--- Records supplied ---
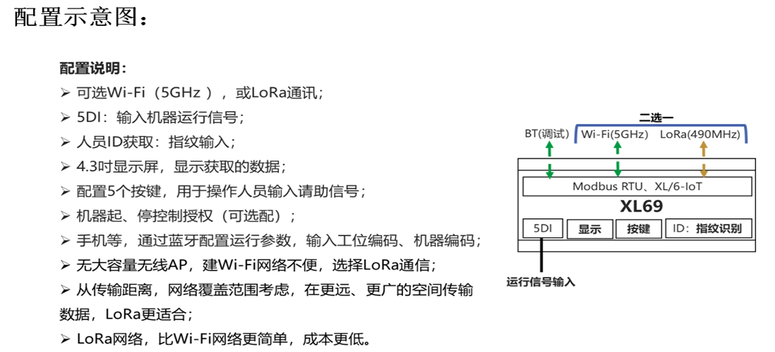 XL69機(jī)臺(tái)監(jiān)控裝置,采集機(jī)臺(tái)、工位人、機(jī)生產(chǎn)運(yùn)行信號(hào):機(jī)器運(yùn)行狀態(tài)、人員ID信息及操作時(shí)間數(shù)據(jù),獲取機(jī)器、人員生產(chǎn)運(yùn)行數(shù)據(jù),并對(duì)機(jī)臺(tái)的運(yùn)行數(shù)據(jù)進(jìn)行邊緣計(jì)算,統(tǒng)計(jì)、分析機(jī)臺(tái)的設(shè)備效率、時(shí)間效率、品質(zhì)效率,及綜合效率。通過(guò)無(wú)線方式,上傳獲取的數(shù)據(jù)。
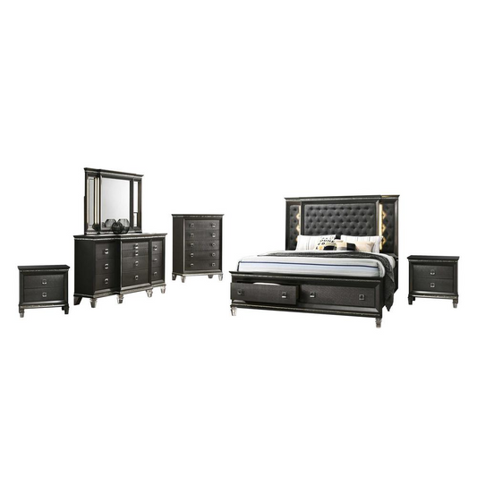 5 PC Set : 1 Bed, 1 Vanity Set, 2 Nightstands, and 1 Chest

...

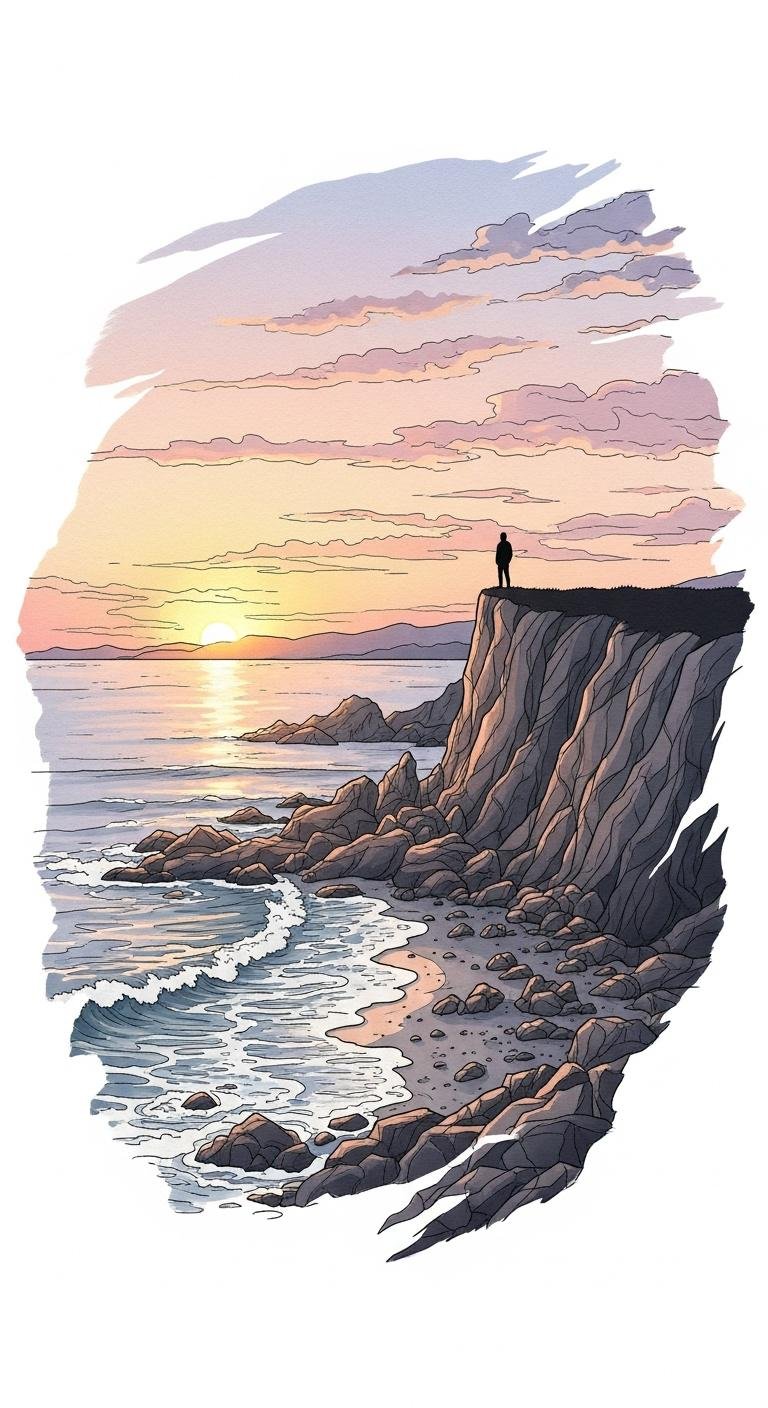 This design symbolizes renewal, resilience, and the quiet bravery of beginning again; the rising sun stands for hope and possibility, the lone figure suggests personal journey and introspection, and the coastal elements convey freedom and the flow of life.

---

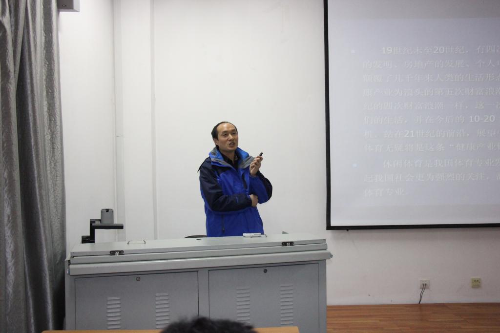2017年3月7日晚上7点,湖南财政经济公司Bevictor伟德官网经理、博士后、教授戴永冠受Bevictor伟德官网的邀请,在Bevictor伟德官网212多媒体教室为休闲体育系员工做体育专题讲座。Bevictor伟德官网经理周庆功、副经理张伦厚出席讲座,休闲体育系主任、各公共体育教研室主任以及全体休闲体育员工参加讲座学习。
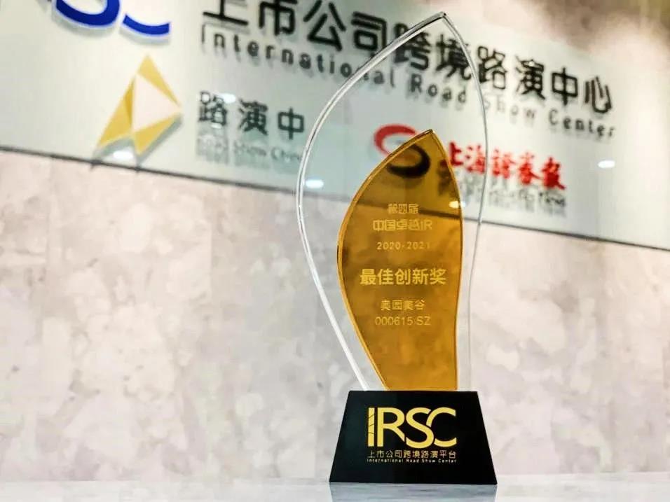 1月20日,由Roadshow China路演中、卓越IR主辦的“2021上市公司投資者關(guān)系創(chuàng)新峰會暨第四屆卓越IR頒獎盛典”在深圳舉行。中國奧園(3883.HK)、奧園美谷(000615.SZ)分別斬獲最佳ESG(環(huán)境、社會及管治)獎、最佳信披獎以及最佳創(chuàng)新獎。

--- What needs to be done ---
In the records above, everything from the line with "2017年3月7日晚上7点,湖南财政经济" down to the line with "1月20日,由Roadsho" must be duplicated exactly, both lines kept. Leave no pictures in.

--- The answer ---
2017年3月7日晚上7点,湖南财政经济公司Bevictor伟德官网经理、博士后、教授戴永冠受Bevictor伟德官网的邀请,在Bevictor伟德官网212多媒体教室为休闲体育系员工做体育专题讲座。Bevictor伟德官网经理周庆功、副经理张伦厚出席讲座,休闲体育系主任、各公共体育教研室主任以及全体休闲体育员工参加讲座学习。
 1月20日,由Roadshow China路演中、卓越IR主辦的“2021上市公司投資者關(guān)系創(chuàng)新峰會暨第四屆卓越IR頒獎盛典”在深圳舉行。中國奧園(3883.HK)、奧園美谷(000615.SZ)分別斬獲最佳ESG(環(huán)境、社會及管治)獎、最佳信披獎以及最佳創(chuàng)新獎。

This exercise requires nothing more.